The Who - Baba O'Riley /// This one didn't move me at all for the first 500 times I listened to it, but one of these days the song caught me in an unstable mood that just made me realize how beautifully done this song really is. Never saw this song the same way again. Truly a masterpiece. Can't quite explain, sorry.


----------



## MaetheDragon (Sep 23, 2019)

I think the one that really made me cry, even without watching that particular scene from the movie, is an instrumental song called lit by Kensuke Ushio, from A Silent Voice. I have never cried so hard, until I heard this song. It genuinely moved me to tears. It still gives me goosebumps to this day.

The music between 0:40 and 1:15 absolutely destroys me, when it kicks in.


----------



## WXYZ (Sep 23, 2019)

I normally don't cry much watching films, but I remember I was on an airplane and I got emotional watching "Your Name" while this song was playing:


----------



## ManicTherapsid (Sep 23, 2019)




----------



## FluffyShutterbug (Sep 23, 2019)

I apologize that this is a MIDI file from an old game, but this theme always makes me feel melancholy, because it makes me feel like I'm safe in my childhood home...


----------



## Tallow_Phoenix (Sep 29, 2019)

I just came across this song in one of my old playlists. Legitimately had me tearing up in the first ten seconds. (If you've played Crisis Core, you know why.)


----------



## Fallowfox (Sep 29, 2019)

Funnily enough, 'Dancing, with tears in my eyes,' does it for me!


----------



## Munch D. Terelli (Oct 7, 2019)

Delain "We Are The Others" breaks me every time


----------



## X3N1TH (Oct 23, 2019)

red dead redemption 2's music during the ending and epilogue made me tear up for the first time in years.


----------



## Heppi (Oct 24, 2019)

MCtheBeardie said:


> I think the one that really made me cry, even without watching that particular scene from the movie, is an instrumental song called lit by Kensuke Ushio, from A Silent Voice...
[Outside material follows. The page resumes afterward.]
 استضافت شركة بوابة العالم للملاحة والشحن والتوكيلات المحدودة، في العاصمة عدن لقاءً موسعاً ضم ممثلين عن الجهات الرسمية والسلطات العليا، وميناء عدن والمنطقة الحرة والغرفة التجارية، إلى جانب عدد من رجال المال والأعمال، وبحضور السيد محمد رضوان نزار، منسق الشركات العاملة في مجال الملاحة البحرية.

I watched it, you definitely should give it a try.  Also...if you promise me to prepare some handkerchiefs, I recommend this:




It is long, but woth it, I promise.
...*cries*

And this is also one of the most emotional songs I ever heard, never cried more in my life:




I reached the last part of this game, straight into the final battle. You can marry in this game and even have up to two children. I was really attached to everything. And then I had to make a final decision in the end.
...Can't spoil it of course, but...yeah...

And this one too, the same game, but it gives you more of an empty feel:




for the preperations after tragic things happened. And then this:




for the actual fight. You have to also fight against an enemy who doesn't really want to fight, but he had to.
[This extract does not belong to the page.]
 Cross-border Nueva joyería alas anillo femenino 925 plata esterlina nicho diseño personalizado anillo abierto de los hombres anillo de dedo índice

Moments and soundtracks like these are especially inspiring for my own stories. The feels...


----------



## Thrashy (Oct 24, 2019)

Pink Floyd - Wish You Were Here


----------



## MaetheDragon (Oct 24, 2019)

Heppi said:


> I watched it, you definitely should give it a try.  Also...if you promise me to prepare some handkerchiefs, I recommend this:
> 
> 
> 
> ...



Oh, trust me, I watched the movie, fren! I was just stating how powerful lit as a song is to me. I don’t think I can sit through A Silent Voice without crying at least once... I relate too much to the main characters!


----------



## Xitheon (Oct 24, 2019)

Rainbow by Sia. I cried myself raw when I first heard it. I'm getting choked up just thinking of the lyrics.






I'm not even listening to this song at this very moment and I have tears in my eyes.

Change the voices in your head,
Make them like you instead.

Okay, I'm silently crying now.


----------



## Leeze (Oct 26, 2019)

There are quite a few songs from game soundtracks that will bring me to tears anytime; eleanor’s lullaby from bioshock 2, fallen down & his theme from Undertale, scientist salarian from mass effect 2. But most of those are due in major part to the storyline for me. One non-game-related song that I can pretty much always rely on to get me teary-eyed is Colours by Grouplove.


----------



## foussiremix (Oct 26, 2019)

This song always nearly brings me to tears when I listen to it.


----------



## AceQuorthon (Oct 26, 2019)

I can’t really remember a song that has made me cry during recent years, but Puff The Magic Dragon made me super duper sad when I was little





Edit: Well, still makes me sad to this day :c


----------



## Borophagus Metropolis (Oct 26, 2019)

The song can do it, yes, but it's the combination of this song and the video... So at the risk of being totally cliché, and making myself cry...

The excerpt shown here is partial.